WHAT IS EXPECTED:
Beginning with the line where "Title (ebay affiliate" appears, restate each line word for word until the data ends. Pictures do not go in.

RECORDS TO USE:
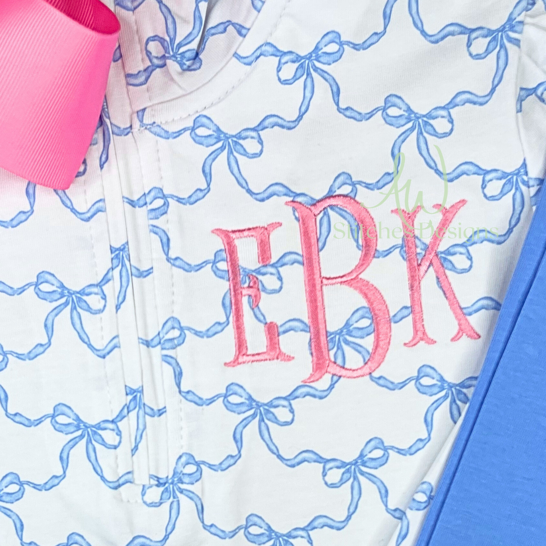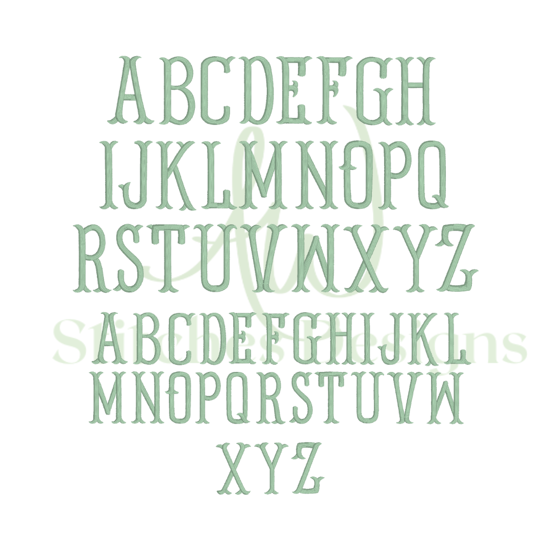 Fishtail monogram satin stitch font for machine embroidery design file 1.5"- 3.5" with BX is included in your download.
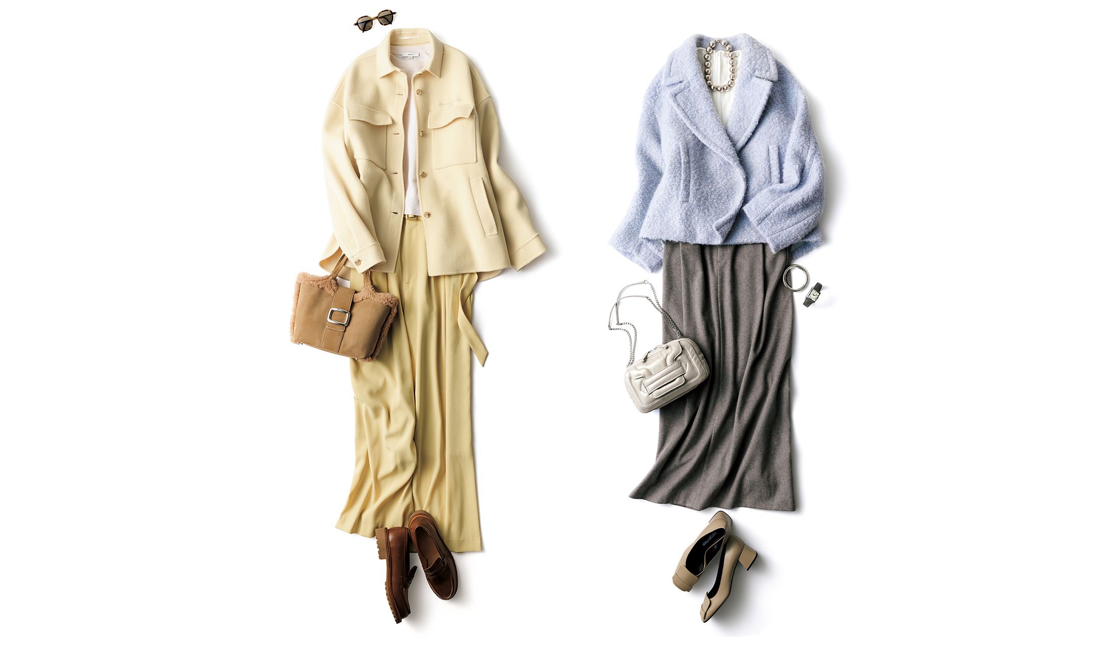 濃淡のあるイエローを掛け合わせた洗練ワントーン。ワークテイストのウールジャケットやワイドパンツなど、カジュアルなアイテムを選ぶことで、きれい色でまとめても親しみやすいイメージに着地する。
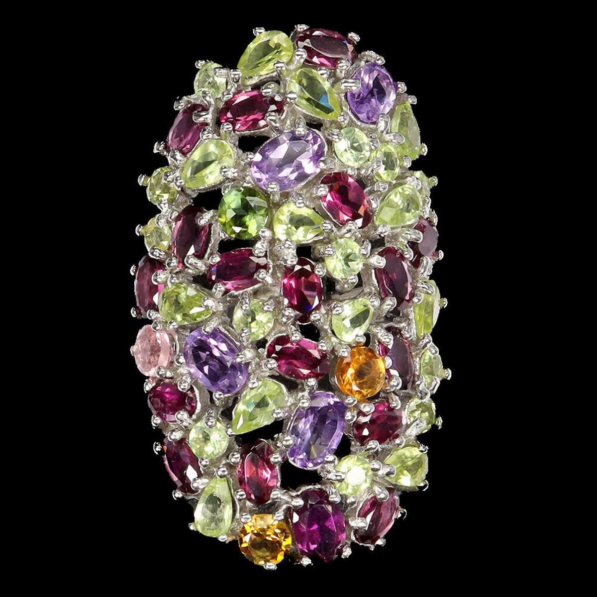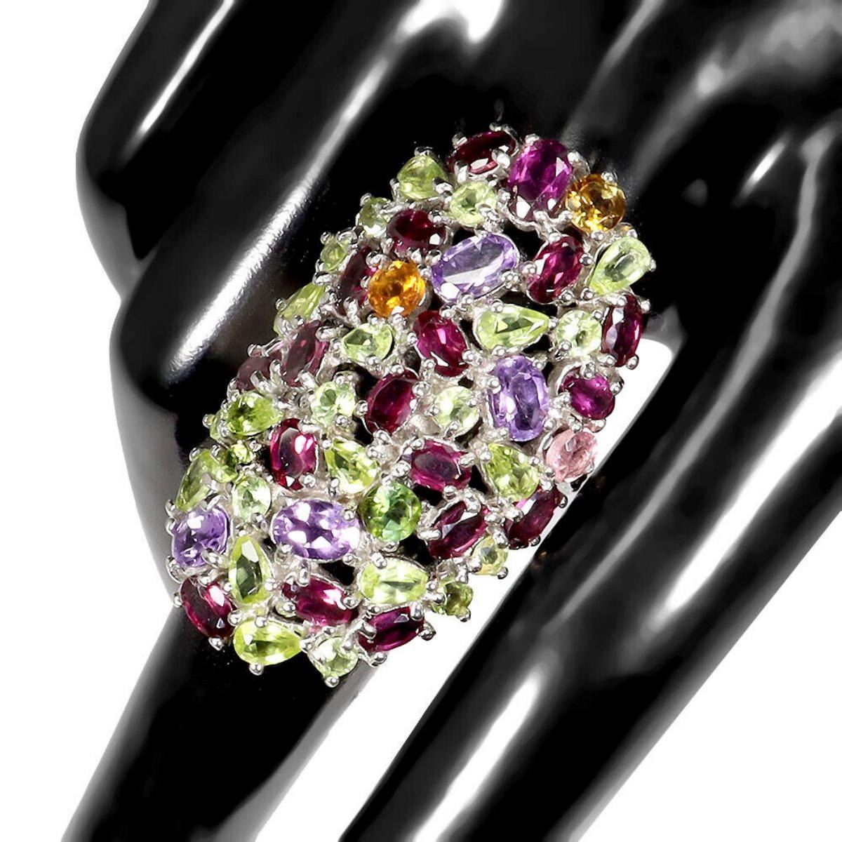 925 STERLING SILVER;PLATE-14K WHITE GOLD;RING SIZE/resizable-8;MAIN STONE-AMETHYST;OTHER GEMS-PERIDOT, RHODOLITE GARNET, SAPPHIRE, TOURMALINE;TOTAL WEIGHT-14.54 GRAM (TOTAL WEIGHT OF SILVER + STONE)DIMENSION-* STONE 1.5 TO 6.0 X 4.0 MM.* FACE RING- 43.0 X 25.0 MM.;MAIN STONE SHAPE-OVAL CUT;MAIN STONE COLOR-TOP RICH PURPLE;CLARITY/GRADE-IF TO VVS;TREATMENT-UNHEATED;ORIGIN-BRAZIL;HARDNESS-7;
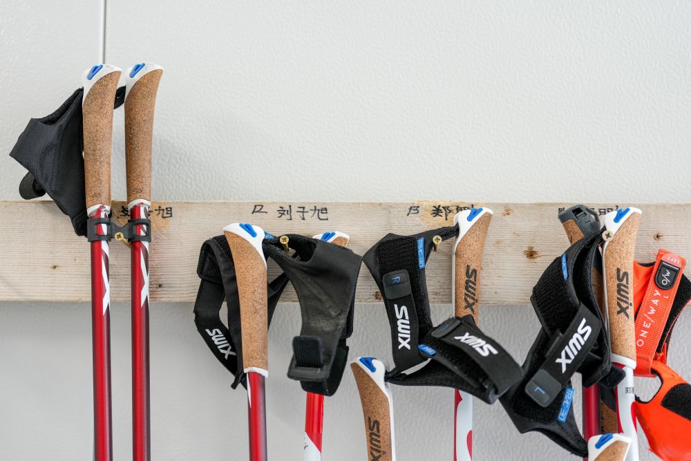 这是3月9日在泰塞罗越野滑雪中心拍摄的中国残奥运动员的雪杖。新华社记者 连振 摄
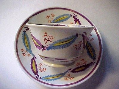 Title (ebay affiliate link): Antique Pink Luster Cup and Saucer with Hand Painted Feather Design c 1840
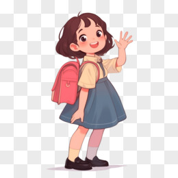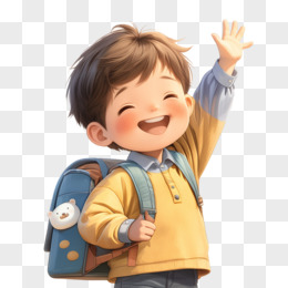 3D卡通一个背书包的男学生挥手打招呼免抠元素

RESULT OF THE TASK:
 Title (ebay affiliate link): Antique Pink Luster Cup and Saucer with Hand Painted Feather Design c 1840
 3D卡通一个背书包的男学生挥手打招呼免抠元素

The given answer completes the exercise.